TASK INSTRUCTIONS: Present the lines below again, exactly as they stand.

Collected data entries
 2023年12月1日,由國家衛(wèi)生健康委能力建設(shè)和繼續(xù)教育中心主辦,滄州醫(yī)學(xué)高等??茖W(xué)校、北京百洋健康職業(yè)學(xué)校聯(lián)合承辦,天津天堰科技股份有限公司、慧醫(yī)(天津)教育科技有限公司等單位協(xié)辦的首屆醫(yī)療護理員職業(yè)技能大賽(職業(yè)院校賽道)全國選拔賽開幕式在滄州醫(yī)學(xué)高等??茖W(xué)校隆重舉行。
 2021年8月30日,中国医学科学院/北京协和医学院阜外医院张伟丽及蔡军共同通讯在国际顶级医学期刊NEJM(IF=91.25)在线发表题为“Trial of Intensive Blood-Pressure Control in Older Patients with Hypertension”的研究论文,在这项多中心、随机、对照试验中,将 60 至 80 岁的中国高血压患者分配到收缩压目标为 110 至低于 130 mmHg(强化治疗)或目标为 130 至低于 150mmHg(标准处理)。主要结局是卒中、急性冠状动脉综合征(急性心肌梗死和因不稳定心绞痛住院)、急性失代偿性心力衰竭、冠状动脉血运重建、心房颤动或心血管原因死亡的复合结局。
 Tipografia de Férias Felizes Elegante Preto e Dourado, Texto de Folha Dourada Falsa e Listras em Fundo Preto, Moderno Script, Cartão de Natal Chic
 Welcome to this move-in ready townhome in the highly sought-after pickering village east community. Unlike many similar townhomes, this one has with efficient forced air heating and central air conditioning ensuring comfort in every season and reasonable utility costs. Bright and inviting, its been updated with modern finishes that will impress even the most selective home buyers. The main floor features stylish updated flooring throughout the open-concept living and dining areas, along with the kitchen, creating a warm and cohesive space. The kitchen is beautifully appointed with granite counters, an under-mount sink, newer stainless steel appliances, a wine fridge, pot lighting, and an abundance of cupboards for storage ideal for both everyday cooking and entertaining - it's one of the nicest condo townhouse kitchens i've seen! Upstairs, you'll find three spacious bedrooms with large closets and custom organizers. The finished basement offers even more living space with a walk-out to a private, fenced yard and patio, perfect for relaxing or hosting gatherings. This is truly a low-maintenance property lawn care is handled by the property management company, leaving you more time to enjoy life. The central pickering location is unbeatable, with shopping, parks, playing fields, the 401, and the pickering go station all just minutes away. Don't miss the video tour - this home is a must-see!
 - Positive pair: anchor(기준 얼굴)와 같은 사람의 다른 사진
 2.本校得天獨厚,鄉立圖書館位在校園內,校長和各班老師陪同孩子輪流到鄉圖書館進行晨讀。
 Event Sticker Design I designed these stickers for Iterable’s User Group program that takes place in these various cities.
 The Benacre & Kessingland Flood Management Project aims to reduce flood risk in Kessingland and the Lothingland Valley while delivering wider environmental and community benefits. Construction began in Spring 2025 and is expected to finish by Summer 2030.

YOUR SOLUTION:
 2023年12月1日,由國家衛(wèi)生健康委能力建設(shè)和繼續(xù)教育中心主辦,滄州醫(yī)學(xué)高等??茖W(xué)校、北京百洋健康職業(yè)學(xué)校聯(lián)合承辦,天津天堰科技股份有限公司、慧醫(yī)(天津)教育科技有限公司等單位協(xié)辦的首屆醫(yī)療護理員職業(yè)技能大賽(職業(yè)院校賽道)全國選拔賽開幕式在滄州醫(yī)學(xué)高等??茖W(xué)校隆重舉行。
 2021年8月30日,中国医学科学院/北京协和医学院阜外医院张伟丽及蔡军共同通讯在国际顶级医学期刊NEJM(IF=91.25)在线发表题为“Trial of Intensive Blood-Pressure Control in Older Patients with Hypertension”的研究论文,在这项多中心、随机、对照试验中,将 60 至 80 岁的中国高血压患者分配到收缩压目标为 110 至低于 130 mmHg(强化治疗)或目标为 130 至低于 150mmHg(标准处理)。主要结局是卒中、急性冠状动脉综合征(急性心肌梗死和因不稳定心绞痛住院)、急性失代偿性心力衰竭、冠状动脉血运重建、心房颤动或心血管原因死亡的复合结局。
 Tipografia de Férias Felizes Elegante Preto e Dourado, Texto de Folha Dourada Falsa e Listras em Fundo Preto, Moderno Script, Cartão de Natal Chic
 Welcome to this move-in ready townhome in the highly sought-after pickering village east community. Unlike many similar townhomes, this one has with efficient forced air heating and central air conditioning ensuring comfort in every season and reasonable utility costs. Bright and inviting, its been updated with modern finishes that will impress even the most selective home buyers. The main floor features stylish updated flooring throughout the open-concept living and dining areas, along with the kitchen, creating a warm and cohesive space. The kitchen is beautifully appointed with granite counters, an under-mount sink, newer stainless steel appliances, a wine fridge, pot lighting, and an abundance of cupboards for storage ideal for both everyday cooking and entertaining - it's one of the nicest condo townhouse kitchens i've seen! Upstairs, you'll find three spacious bedrooms with large closets and custom organizers. The finished basement offers even more living space with a walk-out to a private, fenced yard and patio, perfect for relaxing or hosting gatherings. This is truly a low-maintenance property lawn care is handled by the property management company, leaving you more time to enjoy life. The central pickering location is unbeatable, with shopping, parks, playing fields, the 401, and the pickering go station all just minutes away. Don't miss the video tour - this home is a must-see!
 - Positive pair: anchor(기준 얼굴)와 같은 사람의 다른 사진
 2.本校得天獨厚,鄉立圖書館位在校園內,校長和各班老師陪同孩子輪流到鄉圖書館進行晨讀。
 Event Sticker Design I designed these stickers for Iterable’s User Group program that takes place in these various cities.
 The Benacre & Kessingland Flood Management Project aims to reduce flood risk in Kessingland and the Lothingland Valley while delivering wider environmental and community benefits. Construction began in Spring 2025 and is expected to finish by Summer 2030.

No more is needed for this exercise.